Tracking User Sentiments on Twitter with Twitter4J and Esper


News: Tracking User Sentiments on Twitter with Twitter4J and Esper

  1. Managing big data and mining useful information from it is the hottest discussion topic in technology right now. Explosion of growth in semi-structured data flowing from social networks like Twitter, Facebook and Linkedin is making technologies like Hadoop, Cassandra a part of every technology conversation. So as not to fall behind of competition, all customer centric organizations are actively engaged in creating social strategies. What can a company get out of data feeds from social networks? Think location based services, targeted advertisements and algorithm equity trading for starters. IDC Insights have some informative blogs on the relationship between big data and business analytics. Big data in itself will be meaningless unless the right analytic tools are available to sift through it, explains Barb Darrow in her blog post  on


    Companies often listen into social feeds to learn customers’ interest or perception about the products. They also are trying to identify “influencers” – the one with most connections in a social graph – so they could make better offers to such individuals and get better mileage out of their marketing. The companies involved in equity trading want to know which public trading companies are discussed on Twitter and what are the users' sentiments about them. From big companies like IBM to  smaller start-ups, everyone is racing to make most of the opportunities of big data management and analytics. Much documentation about big data like this ebook from IBM 'Big Data Platform'  is freely available on the web. However a lot of this covers theory only. Jouko Ahvenainen in reply to Barb Darrow’s post above makes a good point that “many people who talk about the opportunity of big data are on too general level, talk about better customer understanding, better sales, etc. In reality you must be very specific, what you utilize and how”.


    It does sound reasonable, doesn't it? So I set out to investigate this a bit further by prototyping an idea, the only good option I know. If I could do it, anybody could do it. Read more here.



  2. The real power of sentiment mining[ Go to top ]

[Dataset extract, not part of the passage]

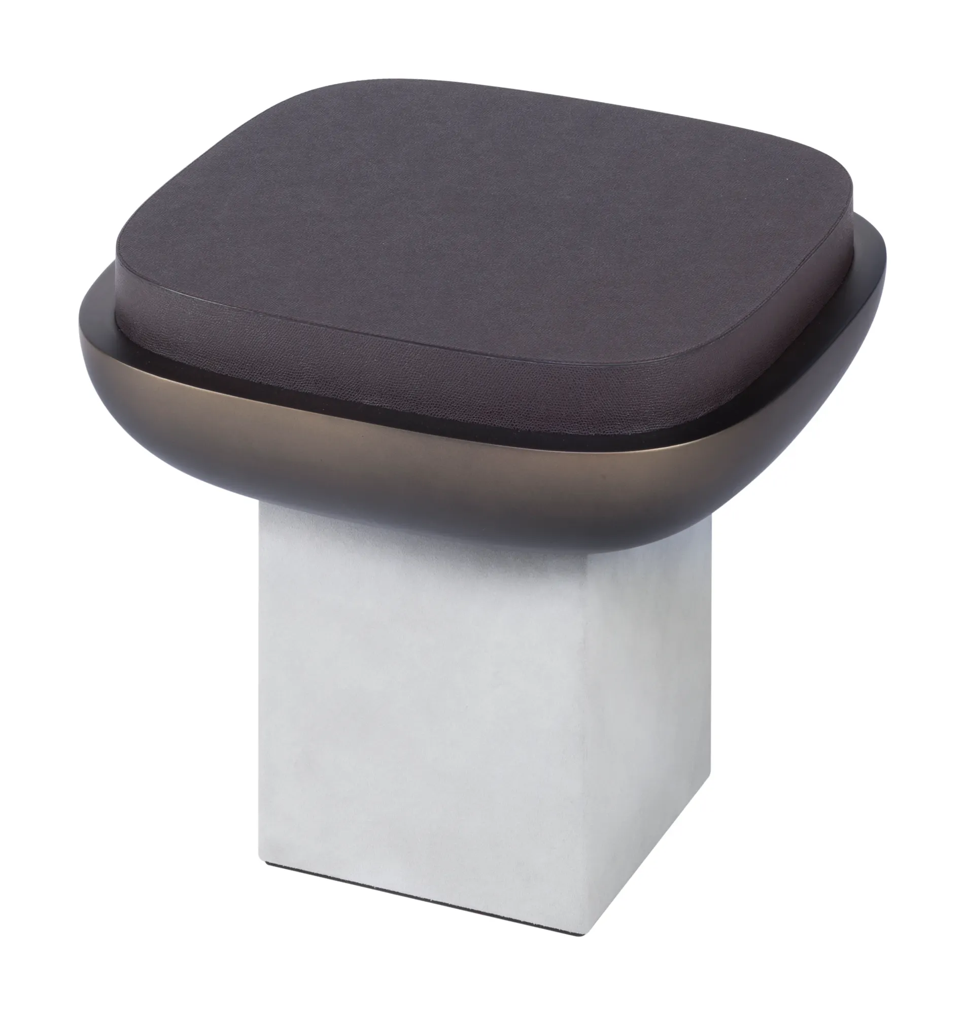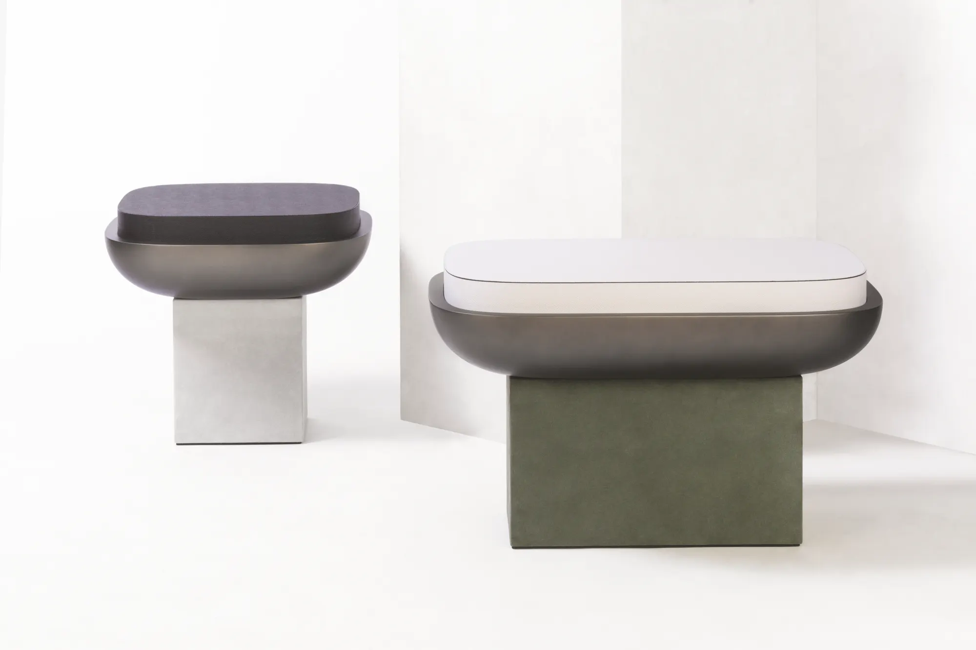 An extended collection of side tables and seats that mix hard and smooth materials such as travertine, suede, leather and bronze lacquered wood. The shapes evoke both the futuristic architectural ensemble of Oscar Niemeyer’s parliament of Brazil and the mild curves of oriental architecture.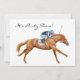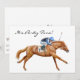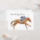 Original fine art design of a Thoroughbred horse by designer Carolyn McFann of Two Purring Cats Studio on a customizable invitation for equestrian sport fans.

    It isn't twitter and unreliable data sources. Many companies have vast databases with customer feedback. The first place to apply sentiment technology is trusted data like CSR databases and other internal databases with unstructured data. Saying twitter just sounds cool, but it's not really all that useful. It is far too easy to create a tweet storm and thereby negate any benefit of using sentiment mining on social media.

  3. The real power of sentiment mining[ Go to top ]

    Peter, Thank you and appreciate your comment. You could be right about reliability of tweeter feeds. However, for many companies, twitter feed is one of the major component to their big data.

  4. So has come to this? I woudln't even define this as a crude implementation of sentimental analysis.

    Sentimental analysis is very difficult to accomplish, especially with Tweets due to the lack of a good corpus. The title of this posting is very misleading.

    I highly recommend changing it to "A brief example of Esper and Twitter4j".
    For those interested in doing Sentimental Analysis, I highly recommend looking at OpenNLP or Linepipe. There are a few Twitter corpuses out there, but the largest I found was around 1,800 tweets.

  5. Richard, Thank you and I appreciate your comment.  My feedback below.

    Title - I get what you are saying. I should be more careful while selecting title.

    Complexity of NLP - Agreed. I mentioned an example of why it is complex and also linked to learning resource for NLP. But just because coding NLP yourself is complex deos not necessarily mean using it is. Example - Complex event processing. I will check out the NLP libraries you mentioned. Thanks for the tip.

    Not even a crude example. - Why not? It does show twitter users' collective sentiments/emotions. It looks too easy only because, we are looking for just an emotion and nothing else. Abbreviations help communicating the exact sentiments. Just like a person would pick one group over another as being funnier from the laughter the groups generate, the code is tracking total of "lol", thereby tracking collective happiness index. If one  omits this conversation from the blog post, then the blog is just an example of twitter4j and Esper working together - your point exactly.